Here, Harry Litman of Talking Feds Podcast, speaks with Rep. Dan Goldman (D-NY) and former AUSA (Assistant U.S. attorney) about the state of things. I’m posting this one because it’s an easy 20 minute or so listen from someone sitting in Congress with an up-close-and-personal view and also because listening to two attorneys speaking together about the state of the union is helpful right now while we have the King Kong of rampant criminality running the country and attacking the rule of law at the very foundation of our government.
Yep. It’s through Apple podcast. You might have to go find it on another platform. Sorry about that.
Podcast Episode · Talking Feds · 04/24/2025 · 32m
podcasts.apple.com
“Is Trump Strangling Democracy?” With Rep. Dan Goldman [Talking Feds;Ep. 375;4.24.25]
Blurb: “In this 1-on-1, Harry sits down with Congressman Dan Goldman, who previously worked on Trump’s first impeachment and before that was an AUSA in New York City. Goldman gives a sobering analysis of a series of stealth moves from the Trump Administration that are pulling us closer to authoritarian rule, including secret IRS-ICE data deals that shred privacy, economic sabotage through chaotic tariffs, and a GOP too scared to stop him.
See Privacy Policy at
https://art19.com/privacy and California Privacy Notice at
https://art19.com/privacy#do-not-sell-my-info.”
Goldman answered a question I've had regarding tariffs. t0000 levied tariffs using the Emergency Powers Act. I don't know exactly what that says. I could look it up. But, Goldman makes the point that, under the Emergency Powers Act, if POTUS invokes emergency powers, as t0000 did, Congress has 15 days within which to vote on . . . well, I guess, on the proposed emergency. Congress could have stopped the charade before it brought the US a pile of trouble because the tariffs are based on the Emergency Powers Act.
Mike Johnson, speaker of the House, didn't want to put it up for a vote. He literally took Congress's statutory authority away, his own authority away, likely because a vote against granting potus emergency powers would pass and reverse or overturn t0000's invocation. Enough republicans are concerned about the tariffs' effects on their constituencies that they might not have supported the invocation of the Emergency Powers Act. Speaker Mike Johnson didn’t want to put a check on t0000’s power. He has fully capitulated to the idea of t0000 as king.
I’ll mix apples and oranges here for a moment because I have another question, this time about the validity of the use of the Alien Enemies Act to justify deportations. The podcast above doesn’t address that question. People opposing the removal of people taken without regard for their constitutional rights, I.e. against the law, use the word 'renditions' because the removal of people is more akin to 'disappearances' than anything legal. The word ‘deportation’ confers a legitimacy that the administration’s actions lack. We still don't know the identities of the 168 or so people that were flown out of this country to a gulag. Deportations implies that people are sent out of the country, but these people were renditioned to a gulag without any prospect of an end date nor any access to independent legal representation nor anyone outside the prison, such as family.
The one thing that I know about the Alien Enemies Act is that it requires the US to be at war with another country, or be under invasion by another country. Neither of those conditions applies. We are not at war with Venezuela, nor is there an invasion by that country. I’m mixing apples and oranges because that question bothers me and has nothing to do with the podcast.

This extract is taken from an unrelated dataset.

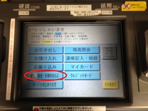 5.ATMのペイジー(税金等の支払)ボタンから、先ほど控えた番号を入力して支払いを完了します。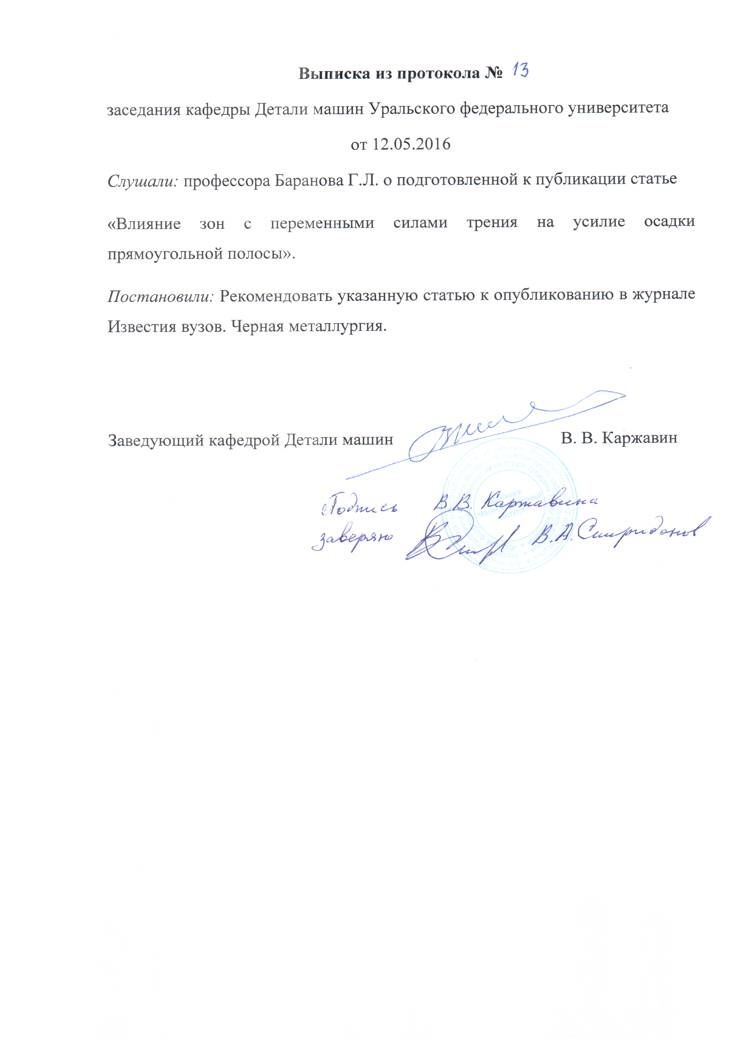 13. Baranov G.L. Analiz kontaktnyih napryazheniy v zone ochaga plasticheskoy deformatsii so znakoperemennyimi silami treniya // Izvestiya VUZov. Chernaya metallurgiya. 2015, tom 58, № 3. P. 192–195.

Some many hours later: Oh. the NYTimes does have an update on legal steps challenging the t0000 administration's use of the Alien Enemies Act. Here's a link:
An updated lawsuit filed in Washington was the latest in a flurry of suits challenging the Trump administration’s use of the Alien Enemies Act to send migrants to a prison in El Salvador.
www.nytimes.com
Lawyers, in an updated suit, seek the return of migrants deported under the Alien Enemies Act. [NYTimes; 4.25.25]
Quoting the article: "Over the past two weeks, immigration lawyers, scrambling from courthouse to courthouse, have secured provisional orders in five states stopping the Trump administration from using the Alien Enemies Act, an 18th-century wartime law, to deport Venezuelans accused of being gang members to a terrorism prison in El Salvador."
The article goes on to address the two different situations, one being giving due process to people still in this country, the other addressing the people in the El Salvadoran prison, who were never given due process before the law prior to the government removing them.